**WHAT THIS TASK INVOLVES**
Give again exactly the lines that run from the start of the records to the line holding "Even when Romney", both ends counted. Do not include the pictures.

**PROVIDED DATA**
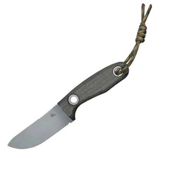 Satinierte Klinge aus D2-Stahl mit einer Härte von 59–61 HRC. Die Riffelung auf der Klingenoberseite verhindert das Abrutschen des Daumens. Mit eingraviertem Black Fox-Logo. Grauer Micarta-Griff mit zwei Löchern und Tarn-Nylon-Fangriemen. Hervorragende Ergonomie. Inklusive Kydex®-Gürtelscheide mit Tek-Lok®-Befestigungssystem und Feuerstarter.
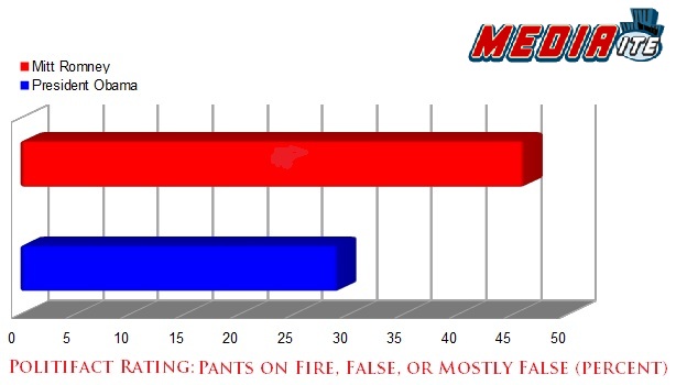 Even when Romney does tell the truth, according to Politifact, he’s much more likely to mix in some falsehoods. 48% of his non-false ratings were only “Half True,” compared with 35% for President Obama.
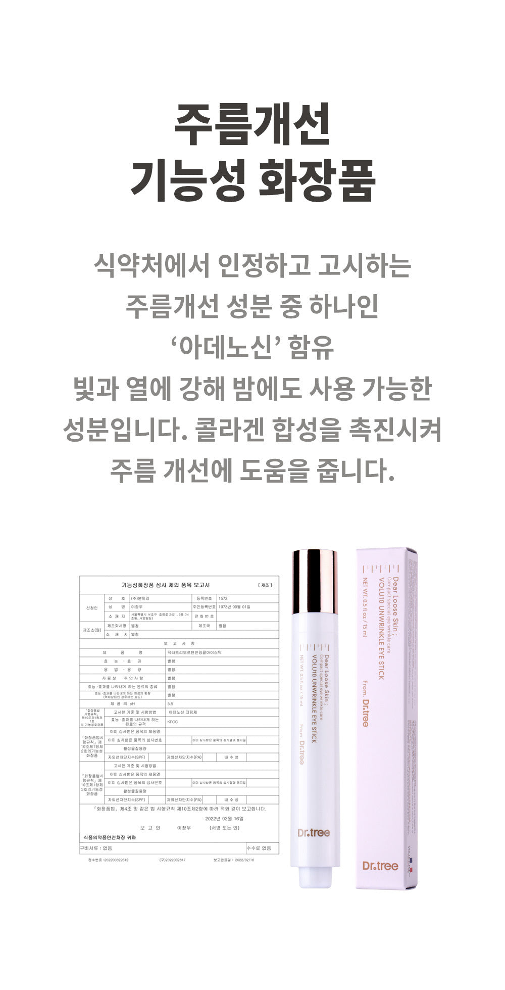 Contains adenosine, one of the wrinkle improvement ingredients recognized and notified by the Ministry of Food and Drug Safety.
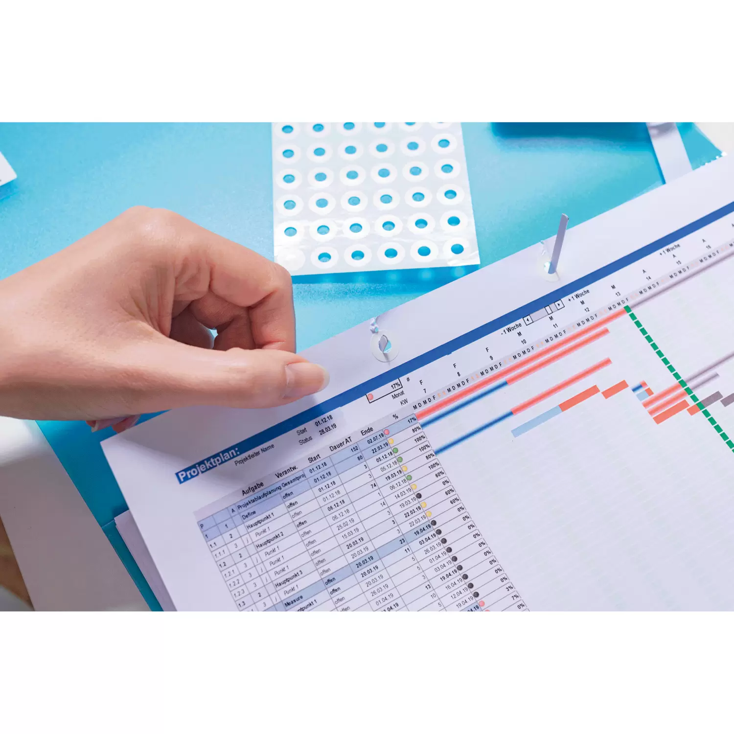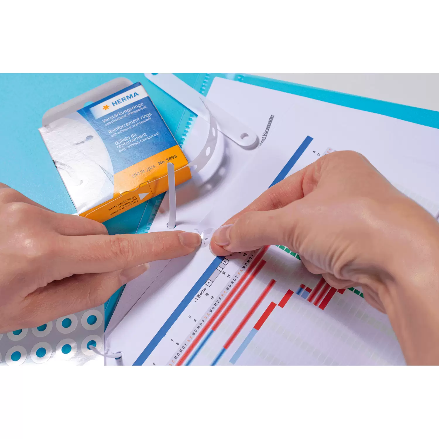 Self-adhesive reinforcement rings, made of tear-resistant transparent plastic film, for neatly and dependably reinforcing of repairing file attachment holes. Outer diameter 12 mm.
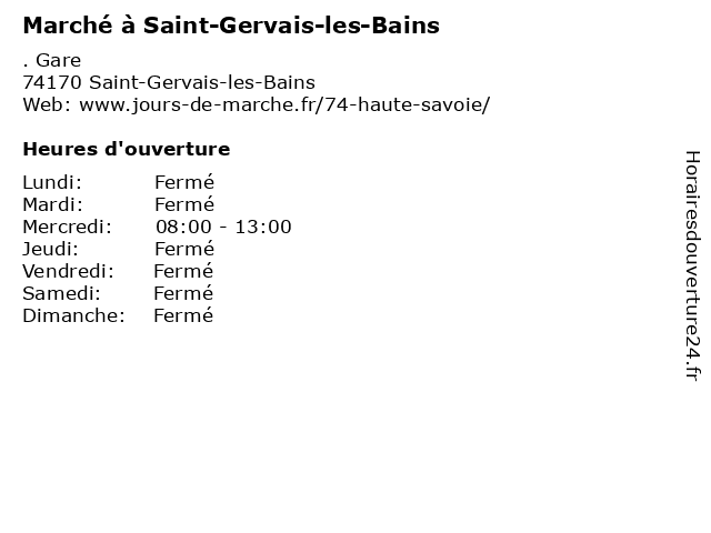 1 Marché à Saint-Gervais-Les-Bains (Distance: 0,64 km) . Le Fayet, 74190 Saint-Gervais-les-Bains bains, frutas, gervais, hortalizas, les, marché, mercado, saint, verduras 2 Marché à Saint-Gervais-Les-Bains (Distance: 1,57 km) . Promenade du Mont-Blanc, 74170 Saint-Gervais-les-Bains bains, frutas, gervais, hortalizas, les, marché, mercado, saint, verduras 3 Bistrot du marché Domancy (Distance: 1,54 km) 119 Zone Commerciale de la Pallud, 74700 Domancy bistrot, domancy, du, marché 4 Marché à Passy (Distance: 2,19 km) . Chedde, 74190 Passy frutas, hortalizas, marché, mercado, passy, verduras 5 Marché à Combloux (Distance: 6,62 km) . Ville, 74920 Combloux combloux, frutas, hortalizas, marché, mercado, verduras 6 Marché à Megève (Distance: 7,97 km) . Place du Village, 74120 Megéve frutas, hortalizas, marché, megève, mercado, verduras  |
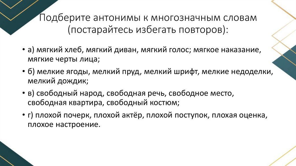15. Подберите антонимы к многозначным словам (постарайтесь избегать повторов):
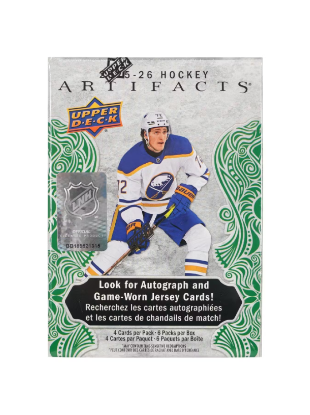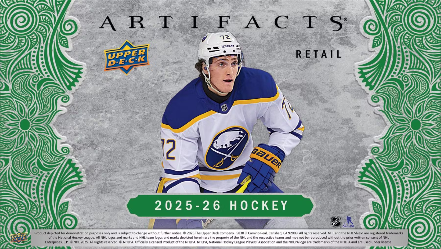 The latest edition of Artifacts features a loaded 240-card base set which includes redemption cards for new-skating 2025-26 rookies. Search for Base Set parallels including the Blaster-Exclusive Jade Green and Sky Blue parallels of the complete Base Set!
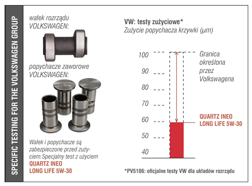 Kolejne istotne badanie udostępnione przez TotalEnergies przeprowadzone przez firmę Volkswagen dotyczyło przydatności oleju do ochrony krzywek i popychaczy. Tym razem okazało się, że Quartz Ineo Long Life 5W-30 chroni krzywki i popychacze aż o 40% lepiej, niż wymaga tego niemiecki producent. Jest to niezwykle wymagający test, ponieważ w tym obszarze panują bardzo wysokie naciski (80-100 kg/cm2), a olej rozgrzany do temperatury 120-180oC musi wytworzyć odpowiedni film olejowy – warstwę graniczną, aby przeciwdziałać tym obciążeniom.
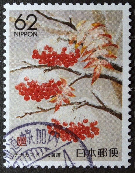 Почтовая марка с гашением Япония 1998 год. Ягоды рябины на снегу
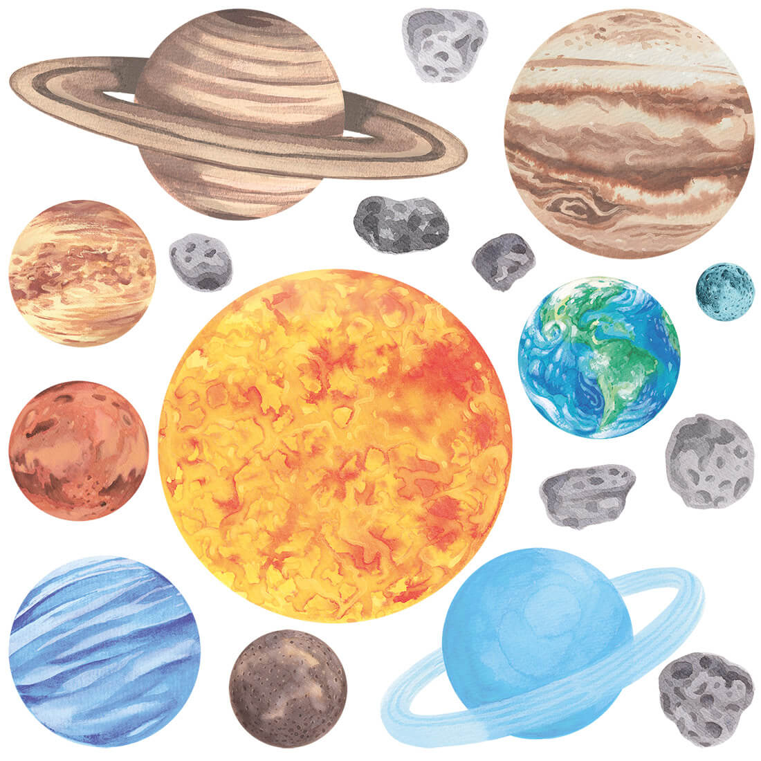 Solar system stickers are a great way to add an unearthly space theme to your child's room. The set of stickers contains 8 planets: Mercury, Venus, Earth, Mars, Jupiter, Saturn, Uranus and Neptune. The kit also includes the sun, moon and several asteroids.

**SOLUTION TO THE EXERCISE**
 Satinierte Klinge aus D2-Stahl mit einer Härte von 59–61 HRC. Die Riffelung auf der Klingenoberseite verhindert das Abrutschen des Daumens. Mit eingraviertem Black Fox-Logo. Grauer Micarta-Griff mit zwei Löchern und Tarn-Nylon-Fangriemen. Hervorragende Ergonomie. Inklusive Kydex®-Gürtelscheide mit Tek-Lok®-Befestigungssystem und Feuerstarter.
 Even when Romney does tell the truth, according to Politifact, he’s much more likely to mix in some falsehoods. 48% of his non-false ratings were only “Half True,” compared with 35% for President Obama.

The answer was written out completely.